A Missed Opportunity

This post has nothing to do with disability. The reason for the diversion is that I am just coming out of a really horrific phase of my life and my mind cannot grapple with anything too disconnected from my trauma. Although I hinted about his ill-health, the day after I wrote my arguably - and understandably - most read post, viz. my tribute to Rahul, was also the day I lost my brother. (And this double loss, of first Rahul, and then Mahi, after a week of regular and gloomy visits to the hospital when he was in the ICU and one never got to see and talk to him, and waiting for the bad news at any moment,  is this trauma I am talking about.) Here was a guy barely 5 years older than me (although he was more than 25 years older than Rahul!), in the pink of his health in November, and suddenly things started going wrong and the way the state of his health nose-dived after that was almost like a free fall and equally frightening to see.

His was a most unconventional professional trajectory. After having joined the IIT (just because he wrote the entrance exam and did well enough to be offered a seat the possibility of refusal of which was decried by various uncles and elders in the family). After barely a year of the kind of boot camp that a first year student of the IITs faces, he had the guts to say `enough is enough' and to join a B.Sc. programme in physics, after having been seduced to the subject by the three volumes of Feynman's lectures (which I still possess as a prized bequest from him). He completed a bachelors and masters in physics, and found his soul-mate during his masters' programme and soon thereafter maded two life-changing decidions: (a) he got married because her family was moving to the US en masse, and (b) he gave up physics to get a job as a lowly sub-editor in a newspaper. Before long, at somebody's suggestion, he applied for, and was selected by the Tata Administrative Services. He worked with Telco in Pune for some years, and became something of an expert in Human Relations, following which he moved on to the Taj group of hotels. After a few years, he moved to Wipro for a brief spell before he made an inspired switch from a business-driven world to the peaceful environs of academia in a private University in a small town in England, where he built a credible school for service management.

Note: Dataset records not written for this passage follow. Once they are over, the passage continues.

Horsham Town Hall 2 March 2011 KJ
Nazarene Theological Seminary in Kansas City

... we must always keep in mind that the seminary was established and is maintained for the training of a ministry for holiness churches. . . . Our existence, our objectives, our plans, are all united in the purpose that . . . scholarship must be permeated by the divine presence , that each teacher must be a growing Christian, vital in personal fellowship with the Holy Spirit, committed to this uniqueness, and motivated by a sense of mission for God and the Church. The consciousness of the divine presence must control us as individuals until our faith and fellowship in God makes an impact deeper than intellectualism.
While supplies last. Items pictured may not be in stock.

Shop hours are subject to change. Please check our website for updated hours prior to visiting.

I still remember the first time I saw him after he had had a whiff of the romance and lure of the academic world, whose praises he was singing with the fervour of a recent convert, forgetting that I had been in academia for close to twenty years by then! But from everything I have been hearing and reading about him since his cruelly early demise, this numerical senioriy I had was rapidly overcome to the stage where he enjoys almost a guru status in his line of work.

Not just academic proficiency, he seems to have touched so many people's lives in such meaningful and deep ways that I feel like kicking myself for having wasted 60 years of my life arguing with him with the contempt and brashness of the younger towards anything older. I, who have been teaching people for most of my life, and have been generally considered one of the better math teachers, will feel infinitely content if I can receive a tithe of the encomiums heaped on him, when my time comes to cross the great divide.

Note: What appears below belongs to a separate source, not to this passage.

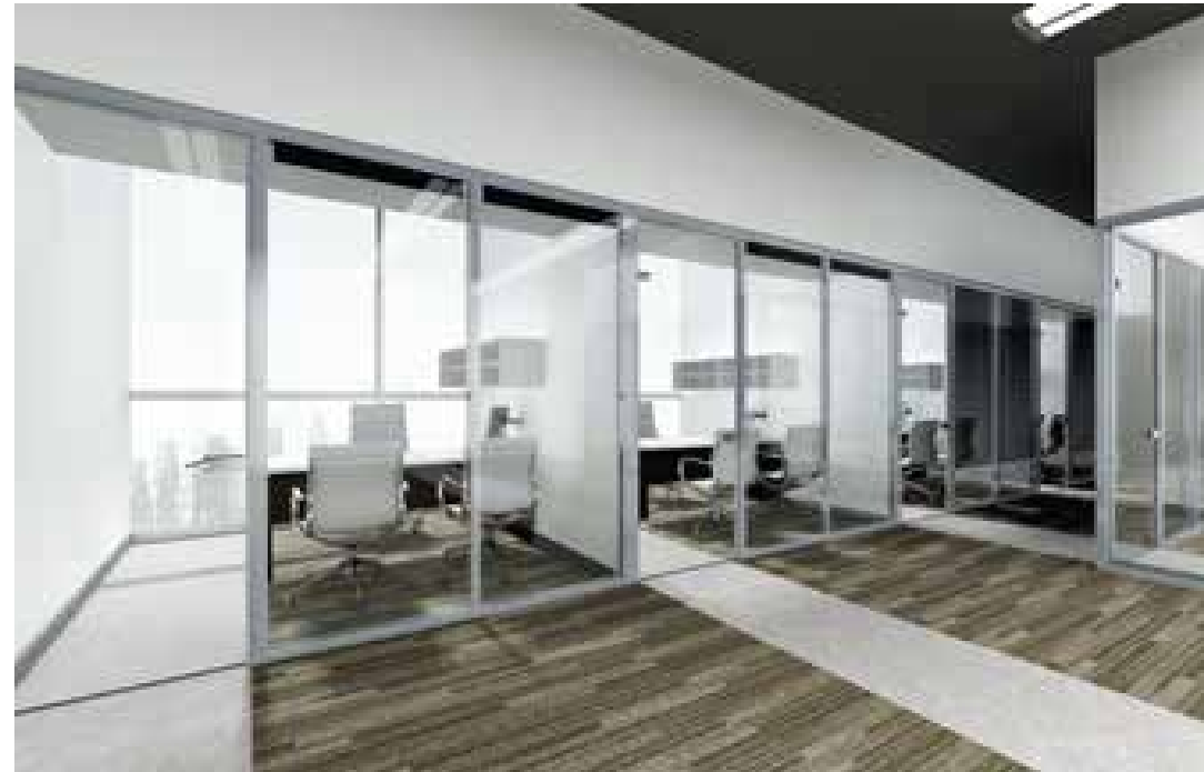
Glass Door 玻璃掩門

Reading some of these messages from the heart of the many people whose lives Mahi touched, I look back at all the silly arguments we had and can't but think of such phrases as familiarity breeds contempt and casting pearls before swine. Even if it is a mite late,  let me salute you, Mahi, for an exemplary life which I was too brash and cocky to suficiently learn from!

Friday, 15 February 2013

Heaven help us all!

I had, in an earlier post, mentioned that my brother was in poor health. As we went along an oft-used road to the hospital, I was preoccupied with the domestic medical crisis. To cheer me up, my wife mentioned that the pavement on the road we were going on - one of the main thoroughfares in Channai - had an impressively wide pavement, which is not the case only too often in our cities, so I looked out the window for at least some cheerful input. Although she was right about the size of the pavements, I could not help but noitce some obstacles  for a potential wheel-chair user, and which I paused to click with my phone camera the next day when I went the same route:


Hawkers hogging the pavement with their wares



A bumpy ride for a wheel-chair, and a definite hazard for the visibility impaired



Stone seat in middle of pavement



Sand and bricks dumped to occupy entire pavement;, thereby forcing a wheelchair  to climb down and up a 1.5 foot pavement

Our well-intentioned legislations will serve no purpose until and unless there is seriously strict enforcement: for instance, somebody who (a) dumps stuff in the middle of a road or (b) parks any vehicle in front of a ramp or ( c) drives through a red light or (d) drives drunk- must have the book thrown at him : stiff fine at first violation, stiffer one such as revoking of driving license at the second, and a really stiff, eg. imprisonment, at the third.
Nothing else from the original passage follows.